Progress was made on a couple of key pieces of reform legislation on Thursday as it was announced that representatives of the European Commission, the European Central Bank and the International Monetary Fund – commonly known as the troika – are due to arrive in Athens on Tuesday for their latest inspection ahead of talks on a new bailout for Greece.

A significant breakthrough was made in terms of cross-party support for the Finance Ministry’s draft legislation known as the “multi-bill”. The draft law paves the way for a number of economic reforms including: the liberalisation of several closed professions; the merging of numerous state bodies; and providing better payment terms for individuals and companies that owe money to the state.

New Democracy said on Thursday that it would back the legislation when it is voted on in parliament on principle, although it might object to some articles. Finance Minister Evangelos Venizelos said that the bill would have to pass through Parliament by Thursday before Greece resumes negotiations with the troika on further financing of at least 130 billion euros to stave off bankruptcy.

“The country has to adopt a number of urgent measures so that it can meet its responsibilities,” he said.
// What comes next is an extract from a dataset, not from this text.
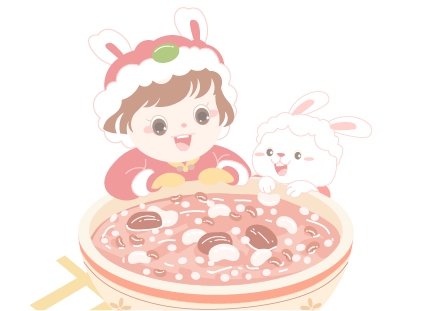 vip1卡通文艺风浓情腊八扒着腊八粥饭碗的女孩和兔子模板

New Democracy MP Costis Hatzidakis said that his party had a duty to back the legislation despite doubts about some aspects. “The highest law for us at this crucial juncture is for the country to be able to stand on its feet until we settle the outstanding economic issues,” he said.

The cabinet approved another key piece of legislation on Thursday. The draft law aims to improve the entrepreneurial environment in Greece by allowing the creation of free trade zones, which permits the transfer and handling of goods in certain areas without the intervention of customs authorities. The government hopes that this will help local exporters and will attract investment from foreign logistics companies.

The draft law also contains provisions for a reduction in the amount of paperwork businesses need to obtain operating licenses. Specifically, it makes it illegal for public servants to demand the same documents that have already been submitted to another government department. The bill also reduces the size of an investment needed for it to qualify for the fast-track process. Previously, it was 200 million euros but this is being brought down to 100 million.